Uno de los lugares que me atrae mucho, inclusive antes de haber tenido la oportunidad de visitarlo, es Alaska. Además de la enorme diversidad de fauna, con especies acuáticas y terrestres, mamíferos, aves y peces, además de interminables paisajes y la cultura que distingue a un destacado número de comunidades, la cuales otorgan un alto valor y respeto a la naturaleza y comprenden la importancia de mantener un sano equilibrio entre sus necesidades de supervivencia con todo su entorno, que se da en un ambiente de clima y condiciones extremos.
Para muchos por fortuna, cazar no es un acto de barbarie, sino una necesidad donde la gratitud es fundamental, tanto como la selección específica de los ejemplares objeto de la misma, ya que lo hacen exclusivamente con fines de alimentarse, al tiempo de cuidar hembras y crias para garantizar el suministro en el futuro para sus descendientes y los de la propia especie. Particularmente donde el frío es extremo y el clima impide realizar las tareas cotidianas, es indispensable que la gente realice durante unos pocos meses, como lo han hecho sus ancestros durante siglos, actividades agrícolas y de caza y pesca, para luego preparar el alimento y conservarlo para el suministro en los días de un largo invierno, donde no hay manera siquiera de aventurarse sin el riesgo de perder la vida.
La realidad es que son comunidades que han aprendido de los procesos de adaptación a su complejo entorno a través de múltiples generaciones y éstas han sobrevivido y evolucionado favorablemente para crecer en equilibrio por la experiencia y el aprendizaje de sus ancestros, quienes han tenido la precaución de compartirlo donde en muchas ocasiones no hay la posibilidad de cometer dos veces un mismo error.
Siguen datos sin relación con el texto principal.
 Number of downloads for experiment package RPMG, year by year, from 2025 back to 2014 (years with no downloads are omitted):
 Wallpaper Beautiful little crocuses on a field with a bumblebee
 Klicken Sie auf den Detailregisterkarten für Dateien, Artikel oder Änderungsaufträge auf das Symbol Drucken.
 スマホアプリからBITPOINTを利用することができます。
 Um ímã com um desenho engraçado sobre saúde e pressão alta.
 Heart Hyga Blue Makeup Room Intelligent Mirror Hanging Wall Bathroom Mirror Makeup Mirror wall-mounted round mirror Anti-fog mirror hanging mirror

Sin embargo, muchas otras han estado expuestas a otras contingencias como guerras e invasiones, a eventos de desastres naturales o a periodos difíciles que han marcado su historia.
Otro enorme valor que tienen estos grupos, es que saben la importancia de compartir entre las familias y en especial apoyar a quienes por el paso de los años, han perdido la capacidad de cazar y pescar a tal grado, que la primera caza se debe compartir con los ancianos.
Como Alaska, hay muchos lugares donde el invierno es largo y difícil, con más de la mitad del año en condiciones extremas que complican aun más la vida y eso seguramente ha ido forjando a sus habitantes, lo que seguramente los ha convertido en personas más resistentes y más resilientes. Nosotros habitamos un país con condiciones muy distintas, pero con sus propios riesgos y retos que poco tienen que ver con las de otras ubicaciones geográficas. Nos falta aprender más sobre la prioridad del equilibrio y de la cooperación y la manera de conocer y reaccionar ante nuestro entorno, y esto ocurre por que pensamos que las estaciones de nuestra vida serán más amables que extremas.
Por ello resulta interesante aprender de la experiencia de los demás para enriquecer la propia y con ello prepararnos y preparar mejor a los nuestros para hacer frente a un futuro que se convierte en presente cada nuevo día que la vida nos regala para ser también más resistentes y resilientes, en este Querétaro nuevo que deseamos conservar.